◆ Assignment ◆
For the records below, output word for word the lines from the one with "Buzz Belknap piloting" up to and including the one with "지급 대상은 가구 단위로". No pictures.

Saved entries
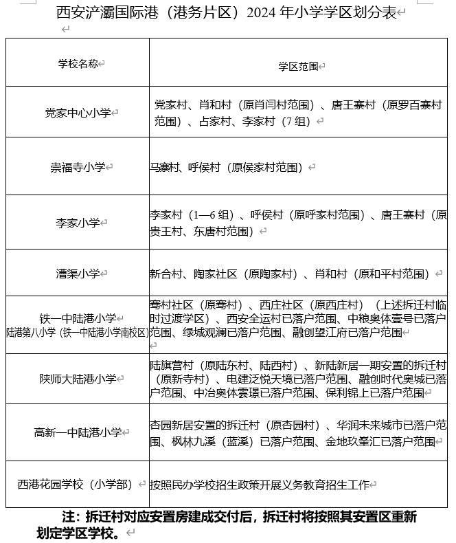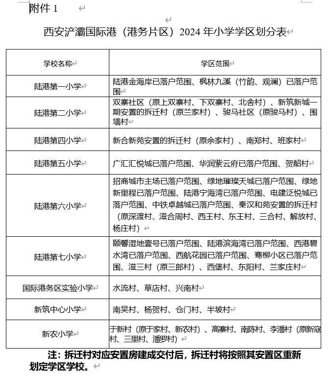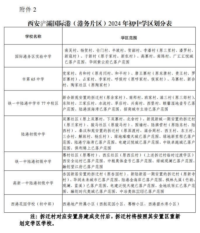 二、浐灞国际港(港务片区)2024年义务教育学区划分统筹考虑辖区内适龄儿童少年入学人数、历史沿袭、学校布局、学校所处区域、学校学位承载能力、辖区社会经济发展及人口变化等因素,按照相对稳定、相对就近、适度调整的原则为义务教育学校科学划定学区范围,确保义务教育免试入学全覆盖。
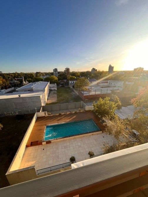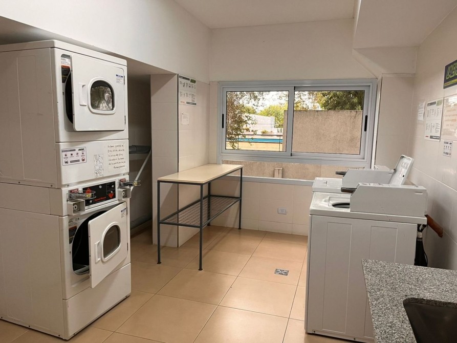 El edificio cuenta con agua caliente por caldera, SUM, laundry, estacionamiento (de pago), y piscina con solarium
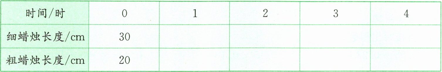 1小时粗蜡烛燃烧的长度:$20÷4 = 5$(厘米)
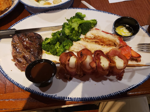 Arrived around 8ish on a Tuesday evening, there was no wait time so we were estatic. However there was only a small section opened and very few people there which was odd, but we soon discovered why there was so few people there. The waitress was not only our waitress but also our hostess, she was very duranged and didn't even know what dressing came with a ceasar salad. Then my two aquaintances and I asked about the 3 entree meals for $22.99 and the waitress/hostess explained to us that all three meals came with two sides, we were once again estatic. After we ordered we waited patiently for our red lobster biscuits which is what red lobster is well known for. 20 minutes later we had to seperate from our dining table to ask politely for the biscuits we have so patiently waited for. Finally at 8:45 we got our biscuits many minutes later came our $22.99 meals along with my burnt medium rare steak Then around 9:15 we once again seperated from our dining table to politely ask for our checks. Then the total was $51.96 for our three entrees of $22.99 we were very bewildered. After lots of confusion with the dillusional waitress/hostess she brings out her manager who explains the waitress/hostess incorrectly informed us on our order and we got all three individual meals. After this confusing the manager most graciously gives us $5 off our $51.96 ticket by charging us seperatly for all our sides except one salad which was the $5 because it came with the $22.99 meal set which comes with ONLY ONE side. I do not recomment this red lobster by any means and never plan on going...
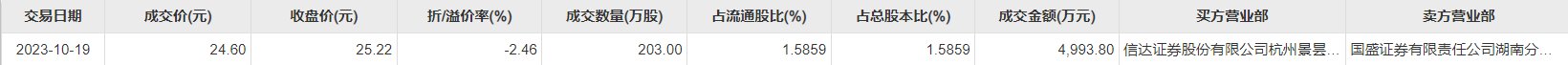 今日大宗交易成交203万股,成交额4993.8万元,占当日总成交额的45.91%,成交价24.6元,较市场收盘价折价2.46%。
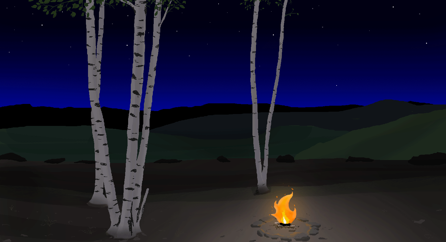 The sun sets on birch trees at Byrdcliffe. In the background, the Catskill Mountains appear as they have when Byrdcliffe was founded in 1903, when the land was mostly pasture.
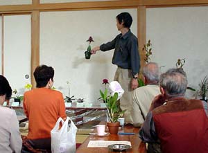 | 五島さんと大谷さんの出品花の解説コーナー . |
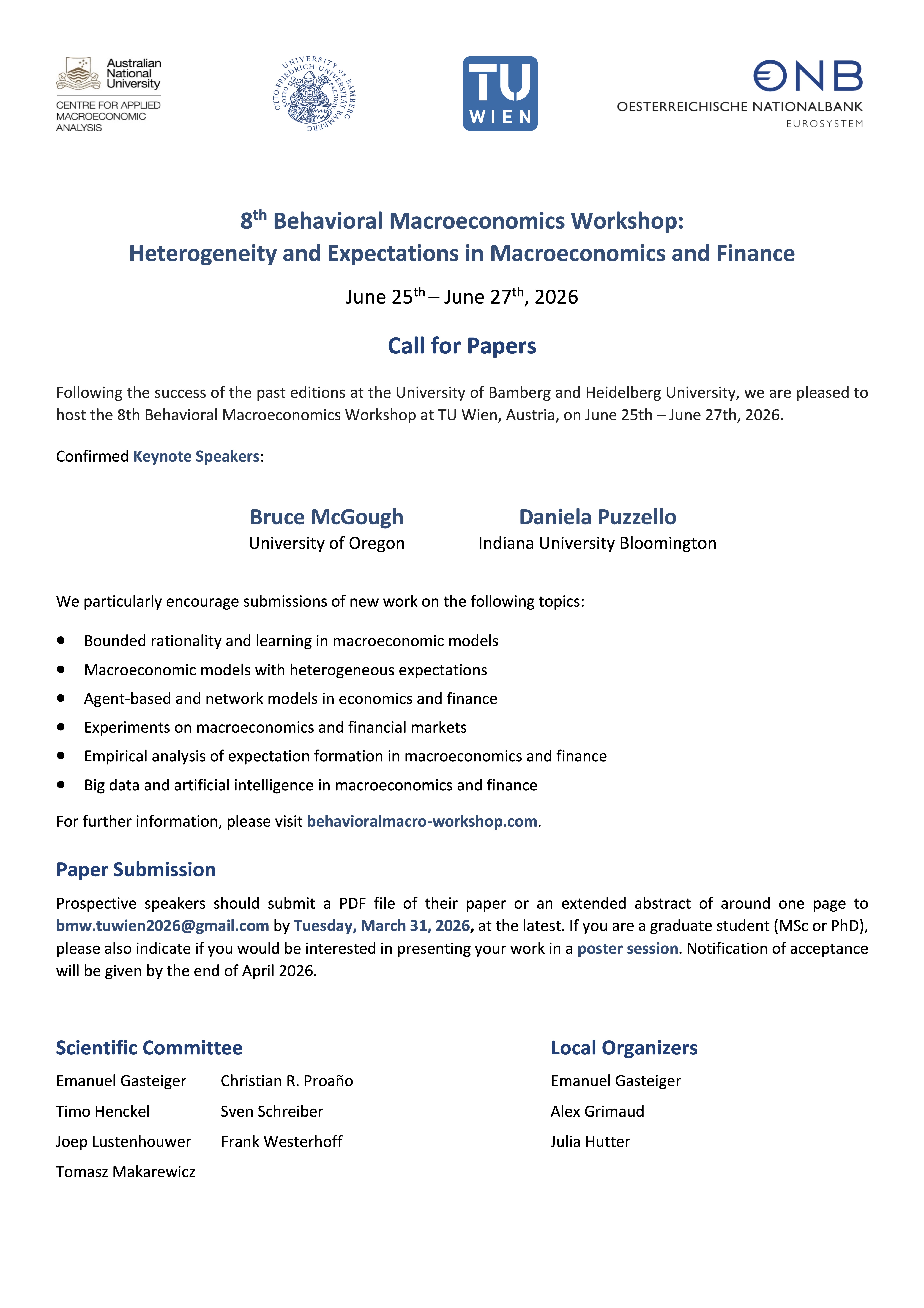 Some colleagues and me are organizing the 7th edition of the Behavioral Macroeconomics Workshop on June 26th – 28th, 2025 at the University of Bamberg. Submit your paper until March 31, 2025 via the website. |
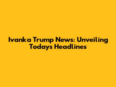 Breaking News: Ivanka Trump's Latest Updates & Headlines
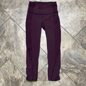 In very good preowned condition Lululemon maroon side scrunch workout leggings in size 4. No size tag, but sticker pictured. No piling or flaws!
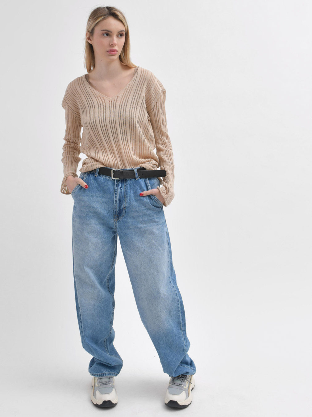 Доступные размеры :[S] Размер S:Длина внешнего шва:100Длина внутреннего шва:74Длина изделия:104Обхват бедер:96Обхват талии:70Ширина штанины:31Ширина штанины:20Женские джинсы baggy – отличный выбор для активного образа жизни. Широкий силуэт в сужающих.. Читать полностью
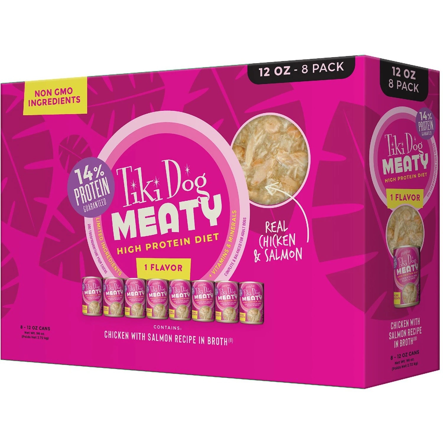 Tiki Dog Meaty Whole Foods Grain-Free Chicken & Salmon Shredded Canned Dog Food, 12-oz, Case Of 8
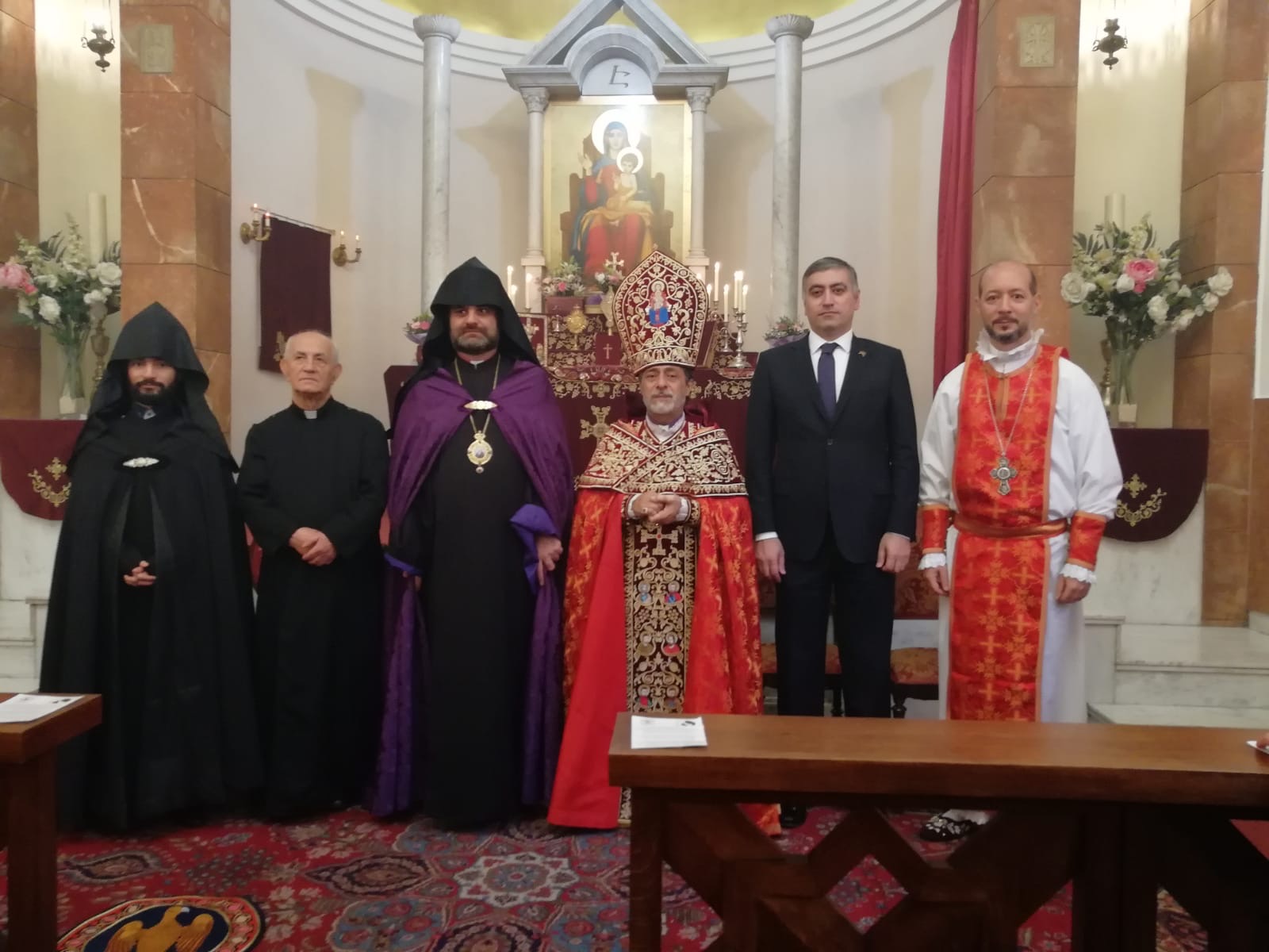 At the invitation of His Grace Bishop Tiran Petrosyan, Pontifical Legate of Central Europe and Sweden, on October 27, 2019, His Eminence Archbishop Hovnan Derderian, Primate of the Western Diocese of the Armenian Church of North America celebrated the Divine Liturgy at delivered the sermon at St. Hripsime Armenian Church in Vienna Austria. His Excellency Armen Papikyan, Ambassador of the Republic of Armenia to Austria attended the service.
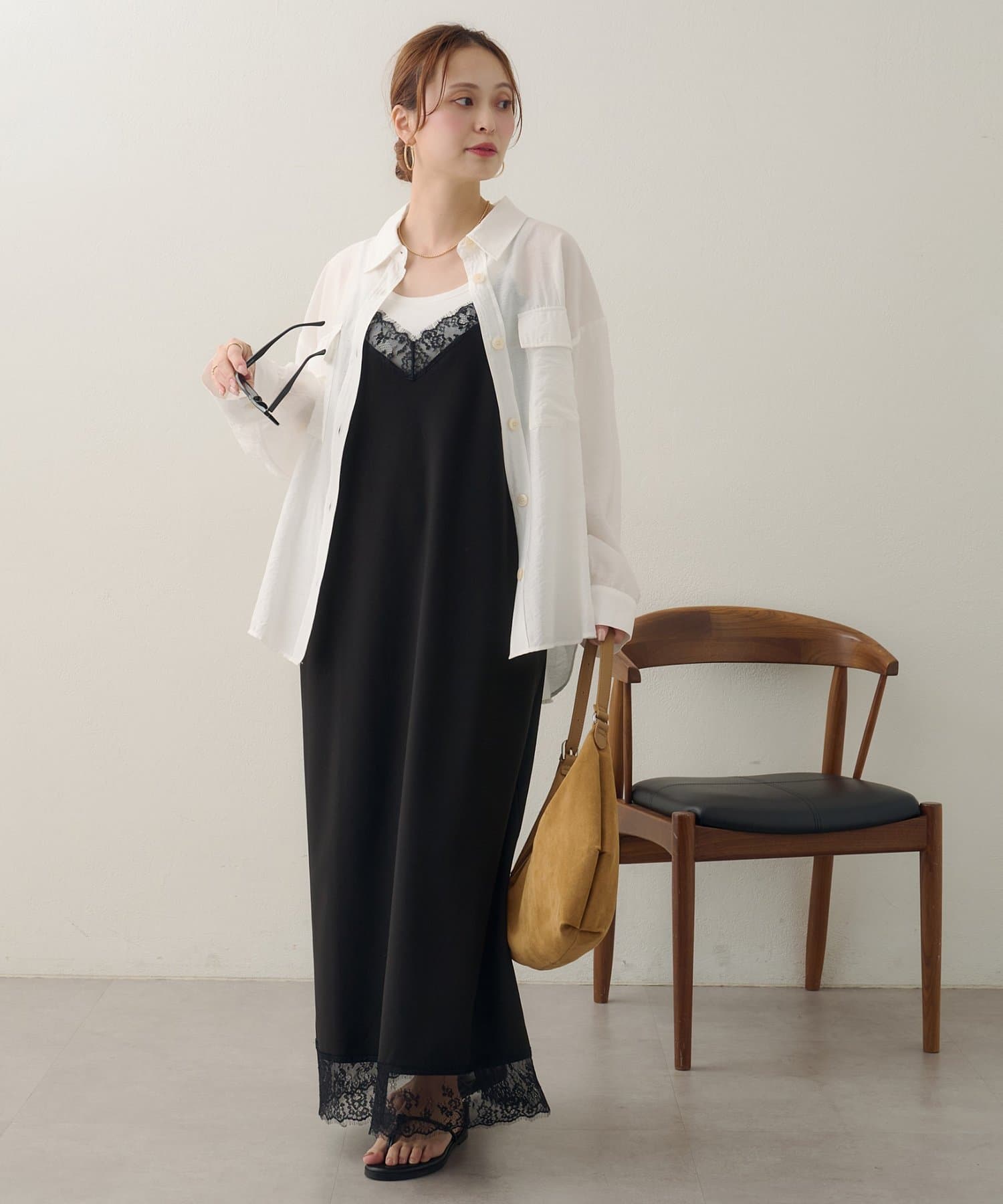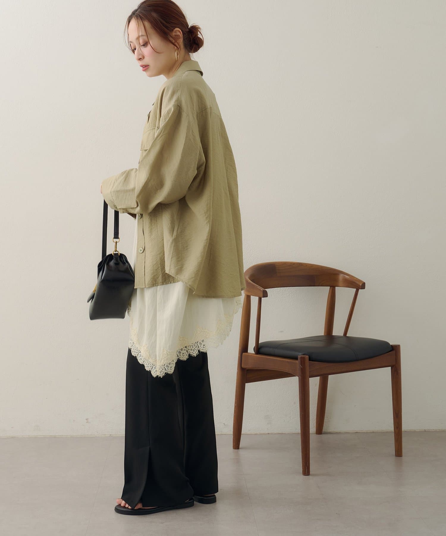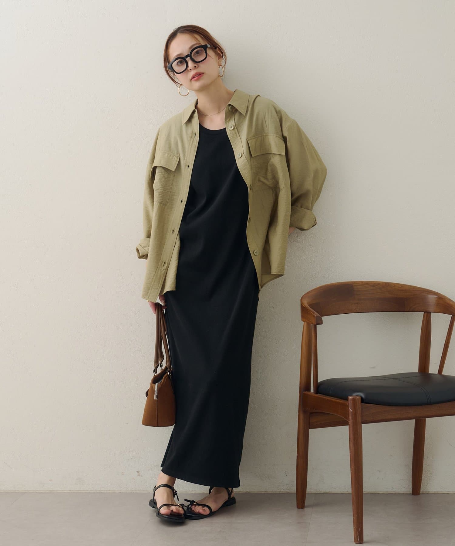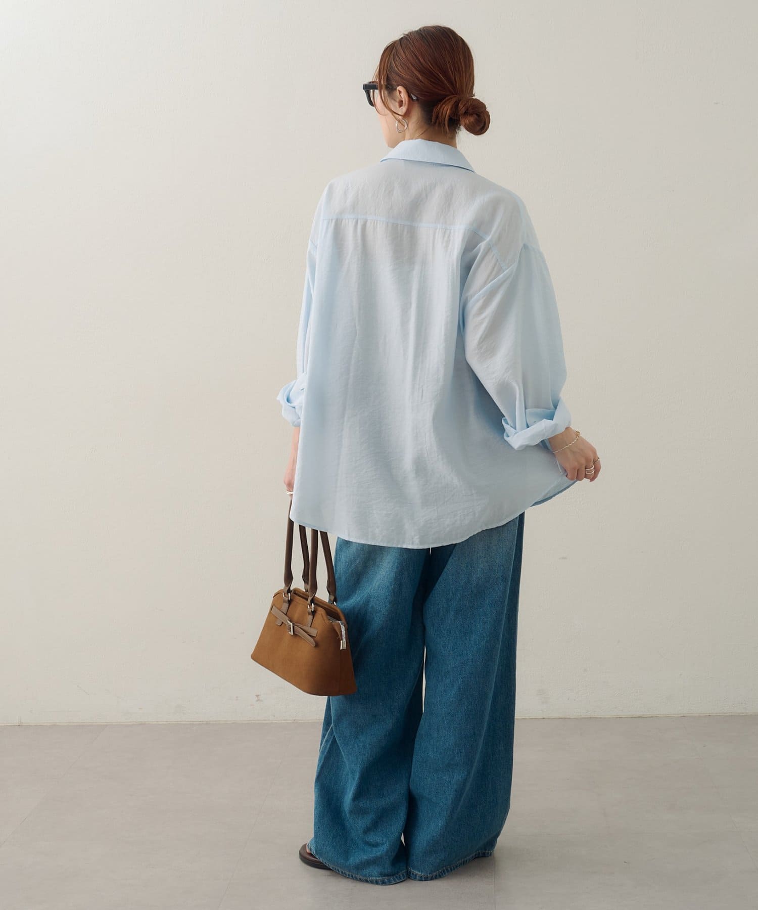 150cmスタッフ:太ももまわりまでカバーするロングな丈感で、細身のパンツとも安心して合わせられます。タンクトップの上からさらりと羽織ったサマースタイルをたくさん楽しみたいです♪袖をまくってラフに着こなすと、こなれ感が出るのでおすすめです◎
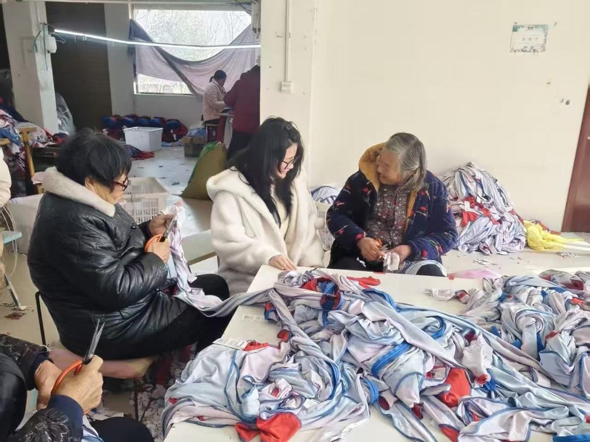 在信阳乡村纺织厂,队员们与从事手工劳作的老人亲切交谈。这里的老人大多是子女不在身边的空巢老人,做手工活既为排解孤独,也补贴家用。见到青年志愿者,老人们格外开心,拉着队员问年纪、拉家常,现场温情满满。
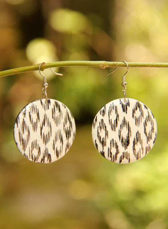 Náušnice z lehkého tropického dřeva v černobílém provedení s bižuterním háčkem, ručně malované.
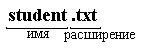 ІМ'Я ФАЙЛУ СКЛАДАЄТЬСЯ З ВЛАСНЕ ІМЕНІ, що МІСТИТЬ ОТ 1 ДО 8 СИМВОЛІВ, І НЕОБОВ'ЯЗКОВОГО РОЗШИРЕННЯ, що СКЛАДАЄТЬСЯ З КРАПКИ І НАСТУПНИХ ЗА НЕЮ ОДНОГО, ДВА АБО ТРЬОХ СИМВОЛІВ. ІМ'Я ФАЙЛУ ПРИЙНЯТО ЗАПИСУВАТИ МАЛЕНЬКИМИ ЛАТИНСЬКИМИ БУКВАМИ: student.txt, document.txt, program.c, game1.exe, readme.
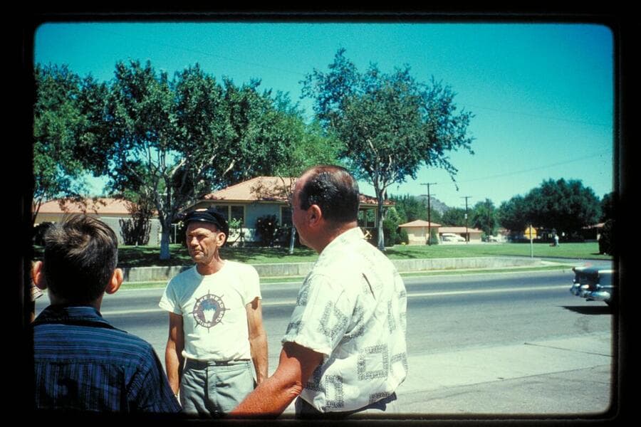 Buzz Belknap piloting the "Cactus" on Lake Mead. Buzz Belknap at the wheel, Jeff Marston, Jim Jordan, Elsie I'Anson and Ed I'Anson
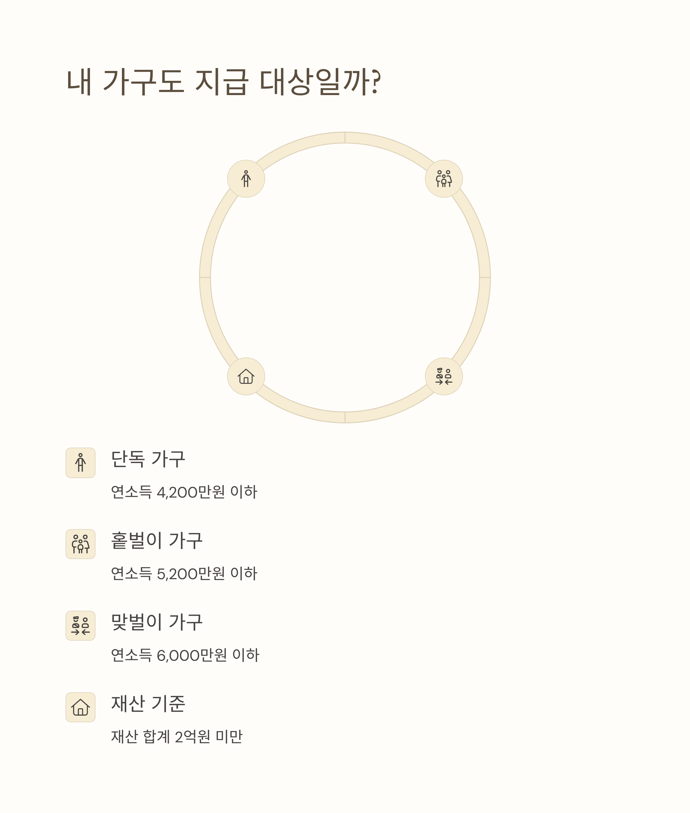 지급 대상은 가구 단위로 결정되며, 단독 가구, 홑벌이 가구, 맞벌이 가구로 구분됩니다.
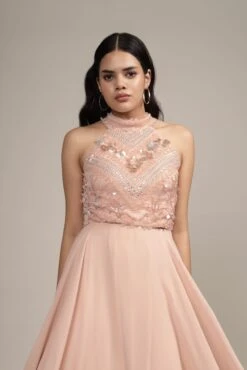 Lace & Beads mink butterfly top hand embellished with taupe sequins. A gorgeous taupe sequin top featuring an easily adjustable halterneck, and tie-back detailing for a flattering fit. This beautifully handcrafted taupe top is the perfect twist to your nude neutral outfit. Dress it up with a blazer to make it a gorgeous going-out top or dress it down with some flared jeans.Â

◆ Answer to this exercise ◆
 Buzz Belknap piloting the "Cactus" on Lake Mead. Buzz Belknap at the wheel, Jeff Marston, Jim Jordan, Elsie I'Anson and Ed I'Anson
 지급 대상은 가구 단위로 결정되며, 단독 가구, 홑벌이 가구, 맞벌이 가구로 구분됩니다.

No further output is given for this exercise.